Title: A General Framework of Multivariate Mixed-Effects Selection Models
Description: Offers a general framework of multivariate mixed-effects models for the joint analysis of multiple correlated outcomes with clustered data structures and potential missingness proposed by Wang et al. (2018) <doi:10.1093/biostatistics/kxy022>. The missingness of outcome values may depend on the values themselves (missing not at random and non-ignorable), or may depend on only the covariates (missing at random and ignorable), or both. This package provides functions for two models: 1) mvMISE_b() allows correlated outcome-specific random intercepts with a factor-analytic structure, and 2) mvMISE_e() allows the correlated outcome-specific error terms with a graphical lasso penalty on the error precision matrix. Both functions are motivated by the multivariate data analysis on data with clustered structures from labelling-based quantitative proteomic studies. These models and functions can also be applied to univariate and multivariate analyses of clustered data with balanced or unbalanced design and no missingness.
Authors: Jiebiao Wang and Lin S. Chen
Maintainer: Jiebiao Wang <[email protected]>
License: GPL
Version: 1.0
Built: 2024-11-17 03:08:56 UTC
Source: https://github.com/randel/mvmise

Help Index


A multivariate mixed-effects selection model with correlated outcome-specific random intercepts

Description

This function fits a multivariate mixed-effects selection model with correlated outcome-specific random intercepts allowing potential ignorable or non-ignorable missing values in the outcome. Here an outcome refers to a response variable, for example, a genomic feature. The proposed model and function jointly analyze multiple outcomes/features.

Usage

mvMISE_b(Y, X, id, maxIter = 100, tol = 0.001, verbose = FALSE, cov_miss = NULL, 
    miss_y = TRUE, sigma_diff = FALSE)

Arguments

Y

an outcome matrix. Each row is a sample, and each column is an outcome variable, with potential missing values (NAs).

X

a covariate matrix. Each row is a sample, and each column is a covariate. The covariates can be common among all of the outcomes (e.g., age, gender) or outcome-specific. If a covariate is specific for the k-th outcome, one may set all the values corresponding to the other outcomes to be zero.
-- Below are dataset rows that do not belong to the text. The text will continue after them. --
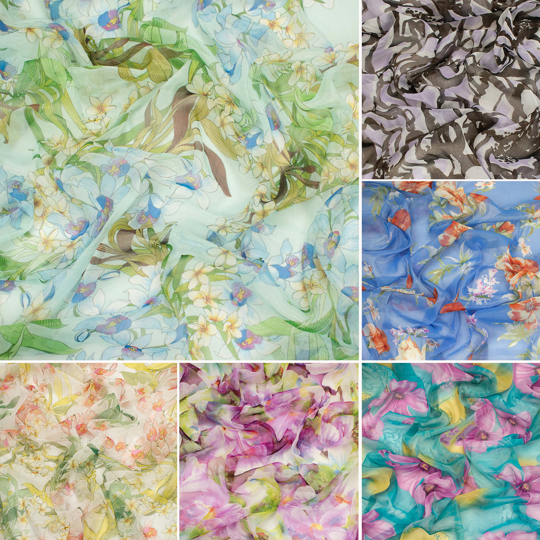 Content: 100% PolyesterWidth: 150CMWeight: 70GSM A beautiful selection of printed chiffon in assorted florals, abstracts and geometrics...
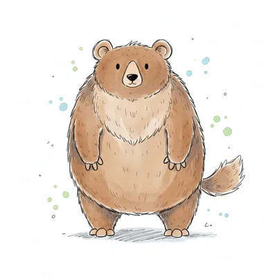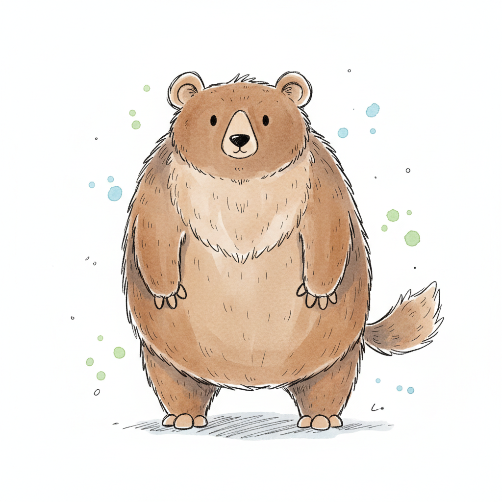 Ein süßer, dicker Cartoon-Bär in Aquarellfarben steht aufrecht, umgeben von Farbspritzern.
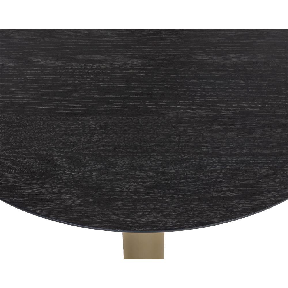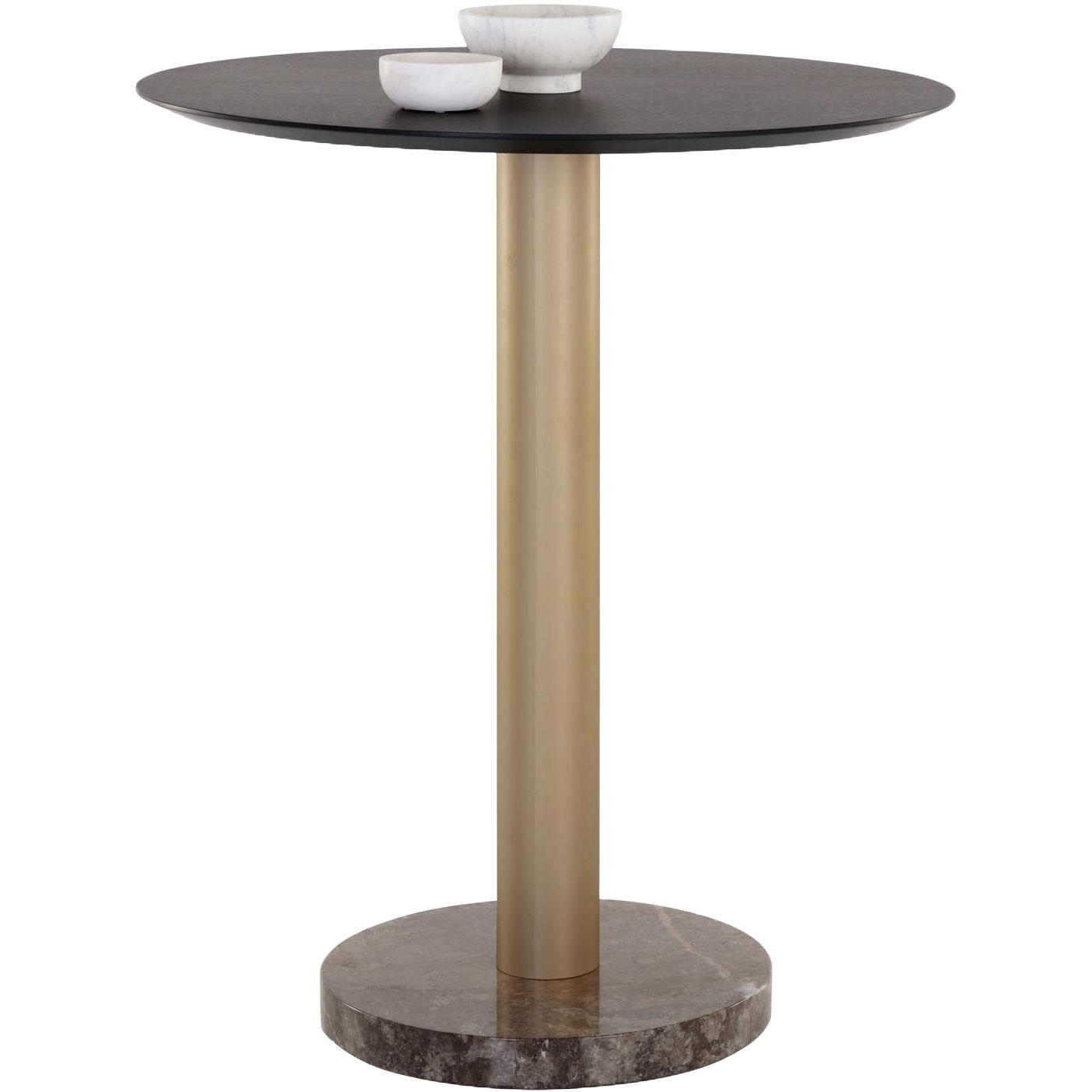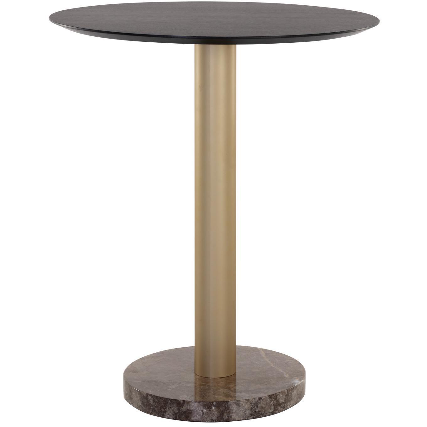 This bar table offers a modern look with an organic feel. Features a substantial light grey marble top and brushed gold iron base with a charcoal grey finished oak wood veneer top. As marble is a natural material, unique veining, pitting, fissures, micro-cracks and colour variations are all characteristics that add to the uniqueness and beauty of each piece.

If X is common across outcomes, the row number of X equals the row number of Y. Otherwise, if X is outcome-specific, the row number of X equals the number of elements in Y, i.e., outcome-specific X is stacked across outcomes within each cluster. See the Examples for demonstration.

id

a vector of cluster/batch index, matching with the rows of Y, and X if it is not outcome specific.

maxIter

the maximum number of iterations for the EM algorithm.

tol

the tolerance level for the relative change in the observed-data log-likelihood function.

verbose

logical. If TRUE, the iteration history of each step of the EM algorithm will be printed. The default is FALSE.

cov_miss

the covariate that can be used in the missing-data model. If it is NULL, the missingness is assumed to be independent of the covariates. Check the Details for the missing-data model. If it is specified and the covariate is not outcome specific, its length equals the length of id. If it is outcome specific, the outcome-specific covariate is stacked across outcomes within each cluster.

miss_y

logical. If TRUE, the missingness depends on the outcome Y (see the Details). The default is TRUE. This outcome-dependent missing data pattern was motivated by and was observed in the mass-spectrometry-based quantitative proteomics data.

sigma_diff

logical. If TRUE, the sample error variance of the first sample in each cluster/batch is different from that for the rest of samples within the same cluster/batch. This option is designed and used when analyzing batch-processed proteomics data with the first sample in each cluster/batch being the common reference sample. The default is FALSE.

Details

The multivariate mixed-effects selection model consists of two components, the outcome model and the missing-data model. Here the outcome model is a multivariate mixed-effects model, with correlations among multivariate outcomes modeled via correlated outcome-specific random intercepts with a factor-analytic structure

yi=Xiβ+(IK1ni)τbi+ei,\mathbf{y}_{i} = \mathbf{X}_{i}\boldsymbol{\beta} + \left(\mathbf{I}_{K}\otimes\mathbf{1}_{n_{i}}\right) \boldsymbol{\tau}b_{i}+\mathbf{e}_{i},

where ii denotes a cluster/batch, nin_{i} is the number of samples/observations within each cluster, τ\boldsymbol{\tau} is a K×1K\times 1 vector for the outcome-specific variance components corresponding to the random effect bib_i (a standard normal random variable), and KK is the number of outcomes. By default, a matrix with each column as an indicator for each outcome is generated and is used as the random-effect design matrix (IK1ni\mathbf{I}_{K}\otimes\mathbf{1}_{n_{i}}), and the model will estimate the outcome-specific random intercepts. The factor-analytic structure assumes the outcome-specific random intercepts are identically correlated and this model is often used to capture the highly structured experimental or biological correlations among naturally related outcomes. For example, the correlation among multiple phosphopeptides (i.e. phosphorylated segments) of a same protein. The model assumes that the random effects are derived from a latent variable bib_i with a loading vector τ\boldsymbol{\tau}. With this model specification, only KK parameters instead of K(K+1)/2K(K+1)/2 are needed in the estimation for the covariance matrix of random-effects, and as such that greatly facilitates the computation.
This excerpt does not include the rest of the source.